Data privacy and extraction risks. A primary concern with sharing model weights is the potential for data leakage. As we quantify in our data extraction analysis (Section 5.3), while the rate of extractable training data from an expert's weights is low, it may still be too high for high-stakes domains like healthcare or finance. A direction for future work is to enable data owners to apply differential privacy (DP) training during their local expert training. Since DP is orthogonal to the FlexOlmo architecture, each contributor could independently decide whether to adopt it, providing formal privacy guarantees.

Scaling and model size. The FlexOlmo architecture scales by adding new experts, which linearly increases the total number of model parameters. While the sparse activation could keep the number of active parameters constant during inference, the total model size can become substantial as more experts are integrated. Future work could explore techniques like expert distillation or pruning to manage model size.

Bias and ethics concerns of FlexOlmo. While the modularity of FlexOlmo provides powerful data control, it also introduces risks that require careful consideration. One concern is the potential for malicious use, where an adversary could intentionally contribute a low-quality expert trained on misinformation. Integrating this low-quality expert could compromise the integrity and safety of the entire model. Similarly, low-quality experts could compromise the model even without any ill intent. Addressing such scenarios would be valuable future work. Furthermore, the framework's guarantee of data owner control raises governance and ethical questions. For instance, an unethical data owner could engage in discriminatory gatekeeping: deciding to withhold a valuable expert (e.g., in medicine or finance) from certain users.

We hope our response and the additional results have addressed the reviewer's concerns. Please let us know if you may have any questions.

评论

Thank you to the authors for the additional experimental results and clarifications. I have accordingly raised my score and appreciate the improved clarity and demonstrated performance. I support the paper’s acceptance, as it presents a promising direction that could benefit the community.

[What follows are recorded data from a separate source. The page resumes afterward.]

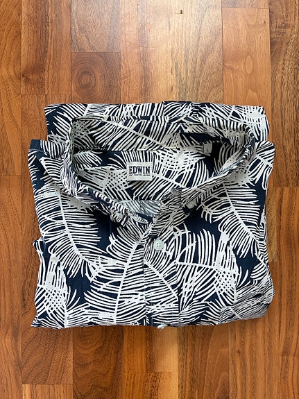 Edwin Japan Classic Regular Shirt Blue Floral Summer Short Sleeve Shirt Size M/L
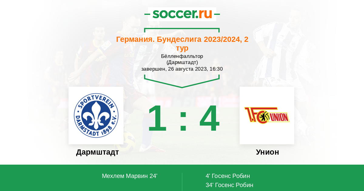Протокол матча Дармштадт против Унион
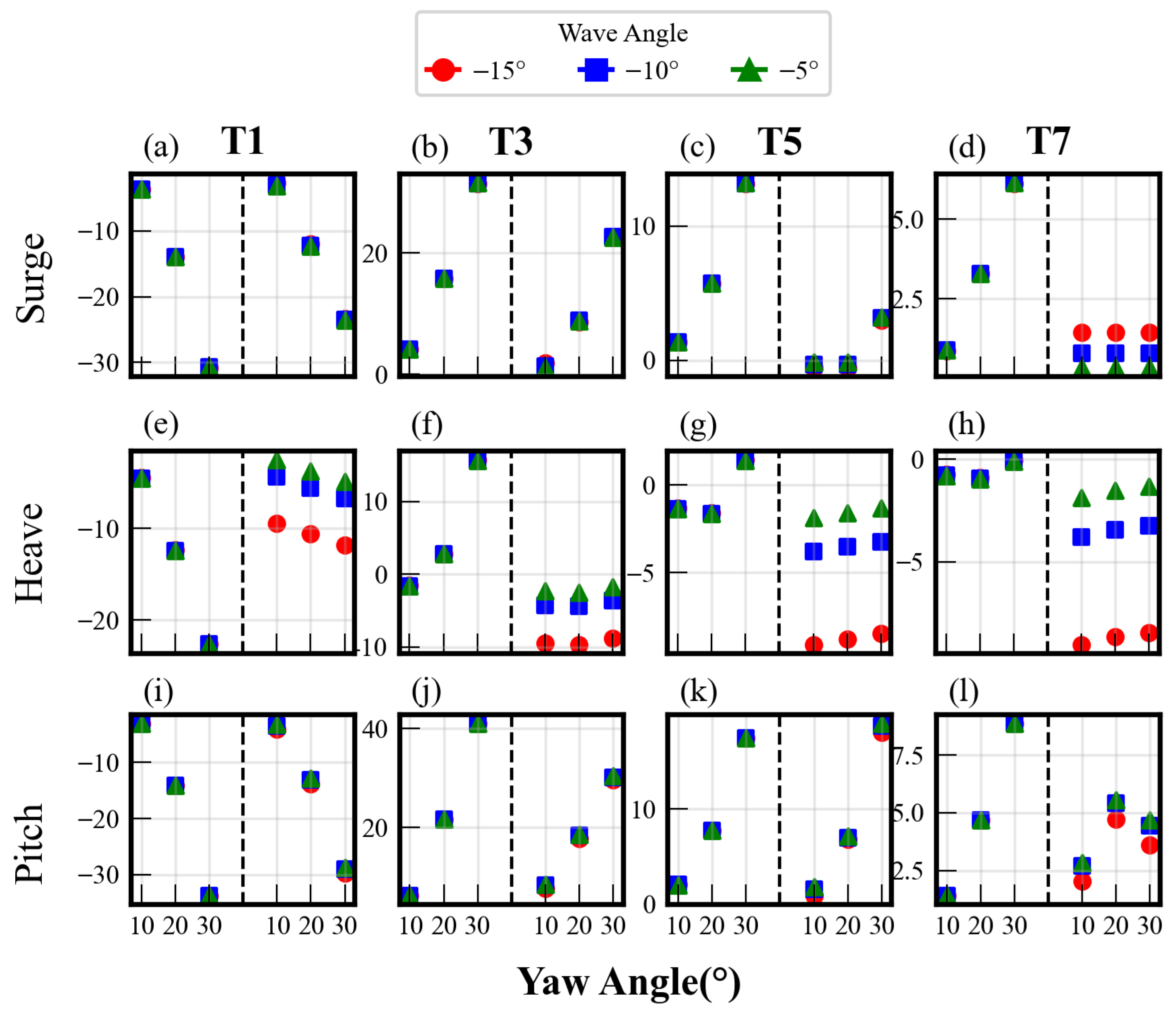 To further investigate the motion patterns of individual wind turbines in the wind farm under different operating conditions, four turbines on the upper side—T1, T3, T5, and T7 were selected for analysis. Since this study only considers scenarios where the first column wind turbines yaw counterclockwise, yaw angles of 10°, 20°, and 30°, along with wave incident angles of −5°, −10°, and −20°, were chosen as the cases with the most significant angular differences.

I understand that comparing against federated learning methods would require substantial engineering effort, and I would be interested in future studies that compare the proposed method with approaches that use periodic model aggregation during training (the key feature of federated learning) rather than only with one-shot model-merging methods after training. Overall, the proposed model and datasets are compelling, particularly in the support for data opt-out, and can attract interest from a broad NeurIPS audience.

评论

Thank you for the feedback and suggestion. Please let us know if you have any further questions. We would be happy to address them.

最终决定

The submission presents FlexOLMo, a modular mixture-of-experts (MoE) framework designed to enable distributed training without data sharing and flexible inference with expert opt-in/opt-out. The key contributions include a new training recipe where local experts are trained alongside a frozen public model anchor, and a nonparametric router that integrates experts without joint training. Evaluations on the curated FlexMix dataset and 31 downstream benchmarks show consistent gains over strong baselines, with notable improvements in restricted-data domains. Strengths highlighted by reviewers include the strong practical relevance of addressing data sovereignty and licensing constraints, thorough empirical evaluation, and modular extensibility. Reviewers also noted limitations (e.g., lack of federated learning comparisons, limited discussion of computational costs), but the rebuttal provided new comparisons, new clarification, and detailed explanations of technical designs. Overall, this is a strong technical paper and potentially has a broad impact in the community, so I recommend to accept this paper with spotlight.